-------- Supplied information --------
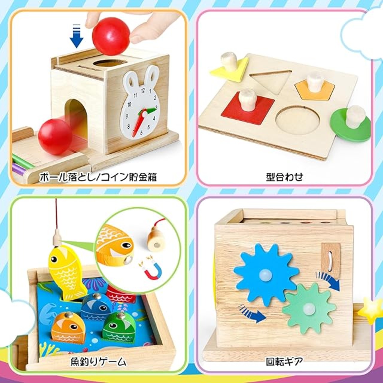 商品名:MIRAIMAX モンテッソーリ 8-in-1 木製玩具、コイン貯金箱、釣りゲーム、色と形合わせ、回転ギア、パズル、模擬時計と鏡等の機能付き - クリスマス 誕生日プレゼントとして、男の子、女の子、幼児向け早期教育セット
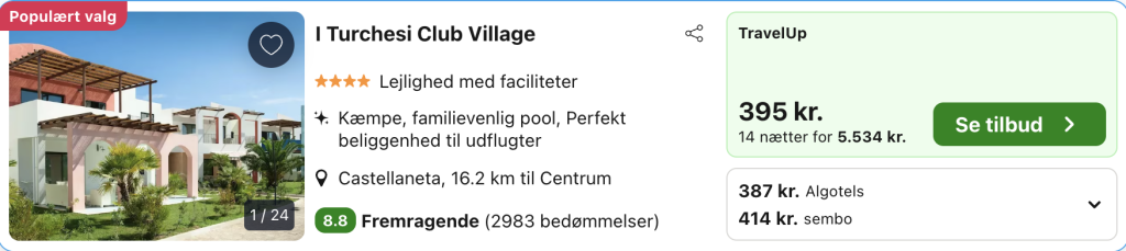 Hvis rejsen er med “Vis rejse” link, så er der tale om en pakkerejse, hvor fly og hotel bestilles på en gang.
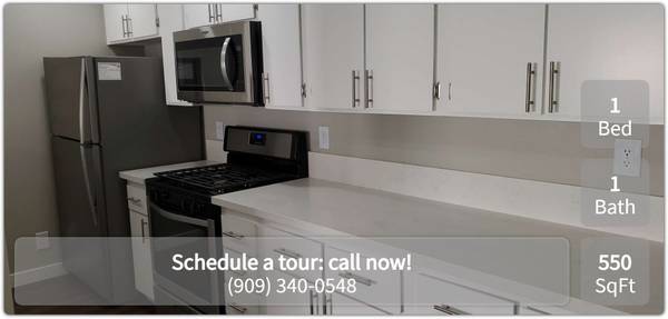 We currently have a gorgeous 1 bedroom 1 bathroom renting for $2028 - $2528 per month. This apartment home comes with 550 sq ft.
--------
## Goal of the exercise
Word-for-word output of the material above is needed, with the pictures left out.

## Output for this task
 商品名:MIRAIMAX モンテッソーリ 8-in-1 木製玩具、コイン貯金箱、釣りゲーム、色と形合わせ、回転ギア、パズル、模擬時計と鏡等の機能付き - クリスマス 誕生日プレゼントとして、男の子、女の子、幼児向け早期教育セット
 Hvis rejsen er med “Vis rejse” link, så er der tale om en pakkerejse, hvor fly og hotel bestilles på en gang.
 We currently have a gorgeous 1 bedroom 1 bathroom renting for $2028 - $2528 per month. This apartment home comes with 550 sq ft.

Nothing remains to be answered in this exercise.